The first important element responsible for discovering and testing all the possible hands in the game is called reinforcement learning. In today’s AI world, the most popular software that gets the biggest acclaim is called the deep neural network. The neural network allows the machine to mimic all the human actions and gestures and even surpass them at some point.
However, Libratus didn’t use deep neural networks for its operations. It was based on another type of AI called reinforcement learning. Basically, the software played the poker hands against itself, again and again, ultimately to perfect its knowledge base.
But one difference from other similar platforms like, say, Google’s AlphaGo, is that Libratus didn’t play against humans to acquire the basic skills and then refine them on its own. Basically, it was given the rules of the game and then it had to learn everything from scratch.
The most prominent factor in this process was playing random hands at an incredible frequency. And after trillions of played hands and months of vigorous training, Libratus reached the level of proficiency. And not only could it beat the pro players, but it could also play the most random hands that the pros couldn’t possibly guess.
The second element in this process was a software called an “end-game solver”. When Libratus learned all the possible moves and hands on its own, it created a large database of hypothetical scenarios. However, AI didn’t have to go through every single one of them during the play and test the best suitable version.
With the help of the end-game solver, Libratus managed to focus its attention on the game and learn during the process too. This way, the number of possible strategies reduced exponentially as the game progressed, leaving only those scenarios that were suitable to the opponent’s hands.

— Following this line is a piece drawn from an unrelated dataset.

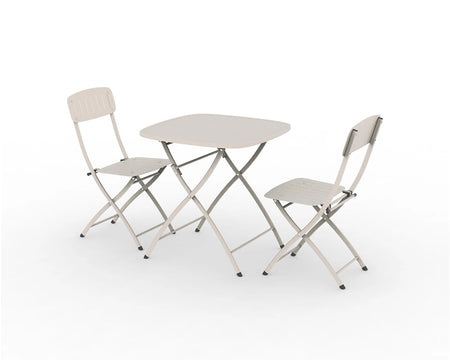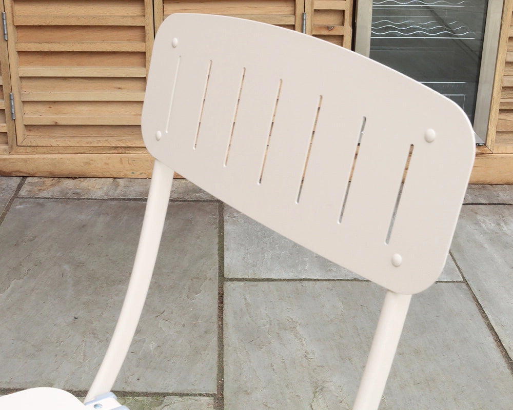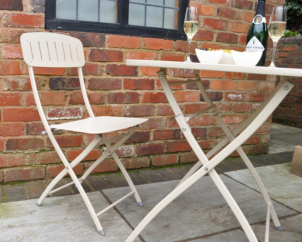With its minimalist design and elegant champagne colour, the Venice Bistro Set complements a variety of outdoor aesthetics, from contemporary to traditional. The slatted seats and backs of the chairs provide comfort while maintaining a stylish look. Easy to assemble and maintain, this set is perfect for those who want to enjoy outdoor dining without the hassle of complicated setups.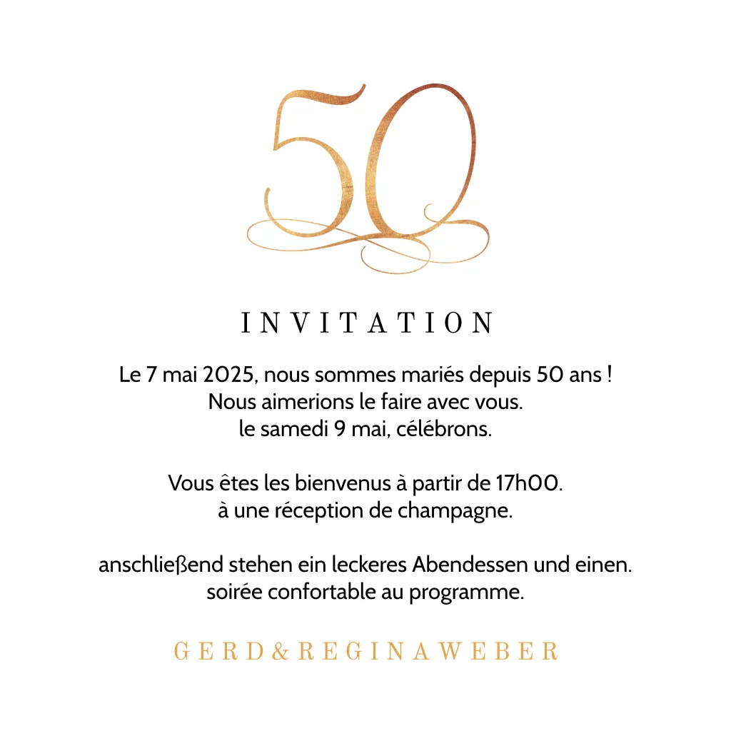 Envoyer une invitation pour les noces d'or avec de l'or étincelant et une photo

So, the two individual pieces of one AI software were quite sophisticated and capable of posing a challenge to the proficient poker gamers. However, they still weren’t effective enough to do the same with Kim and the likes of him. They could find the underlying patterns of every move Libratus made and use them to their advantage.
To avoid that, the two creators behind Libratus devised the third platform, eliminating all the discernible patterns and similarities. Here’s how it worked: every evening, after the match, Brown and Sandholm would run their own algorithm that was created to detect those patterns and eliminate them. Usually, the process took the whole night, after which the patterns were no longer there.
So, as you can see, Libratus isn’t all about the artificial software and mechanization - it also involves a human touch, just like we noted earlier. And that’s the thing about AI: while many people believe it is a self-sufficient entity that can run for itself and be completely independent of human intervention, the reality is different. In real life, humans and AI work side-by-side, making certain adjustments to each other’s actions. In this case, humans are putting AI to the starting point, while AI reaches the finish line without the complications.
The future of the automated world is already making itself apparent. Humans and machines are breaking the ice between them, making the first steps towards contributing to each other’s activities.
When the technological revolution started off in the early XIX century, the machinery slowly began to take over our work and be good at it as well. Now, AI is not only taking over what we’re doing, but it’s doing it on its own. And the Libratus case is the best example of this development.
When this AI software beat four professional poker players at no-limit Texas Hold’em, Libratus proved that it can bluff even more proficiently than any pro player, making its moves virtually impossible to predict. Who knows what the future has in store and which industry finds the next Libratus.